(Problem statement): Pictures aside, the output must consist of the lines from the one containing "Der Sommer stand" through the end of the data, reproduced exactly.

(Data segment):
★ ★ ★ ★
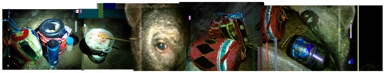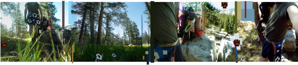 In the Kotawa Project photographic documentation I insert noise in the form of digital blocks of color reminiscent of glitches–these are notations that documentation is a slippery stand-in for the events wherein my art practice resides–these panoramics are fictions that freeze and layer time merge wilderness dream theater
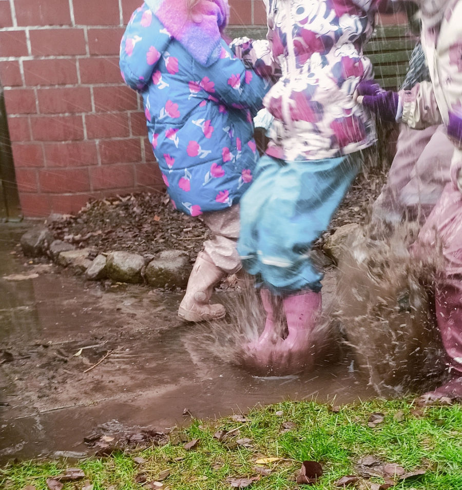 Der Sommer stand unter dem Hauptthema "Wahrnehmung" und so gab es viel zu tun in Sachen hören, sehen, fühlen etc. Das Foto zeigt ein gutes Beispiel zu diesem Thema, auch wenn es jetzt schon herbslich ist. Wetter lässt sich für die Kinder am besten draußen fühlen, und Pfützen machen natürlich besonders viel Spaß. Wir sind (beinahe jeden Tag an der frischen Luft und verbinden dies auch mit unserem aktuellen Thema im Haus: "Bewegung".
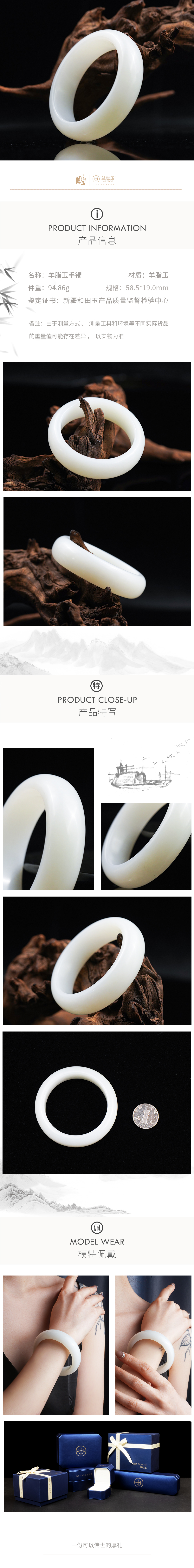 新疆国玉盟世玉和田玉糖羊脂玉手镯58.5圈口【带证书·顺丰物流】
★ ★ ★ ★
(Answer space):
 Der Sommer stand unter dem Hauptthema "Wahrnehmung" und so gab es viel zu tun in Sachen hören, sehen, fühlen etc. Das Foto zeigt ein gutes Beispiel zu diesem Thema, auch wenn es jetzt schon herbslich ist. Wetter lässt sich für die Kinder am besten draußen fühlen, und Pfützen machen natürlich besonders viel Spaß. Wir sind (beinahe jeden Tag an der frischen Luft und verbinden dies auch mit unserem aktuellen Thema im Haus: "Bewegung".
 新疆国玉盟世玉和田玉糖羊脂玉手镯58.5圈口【带证书·顺丰物流】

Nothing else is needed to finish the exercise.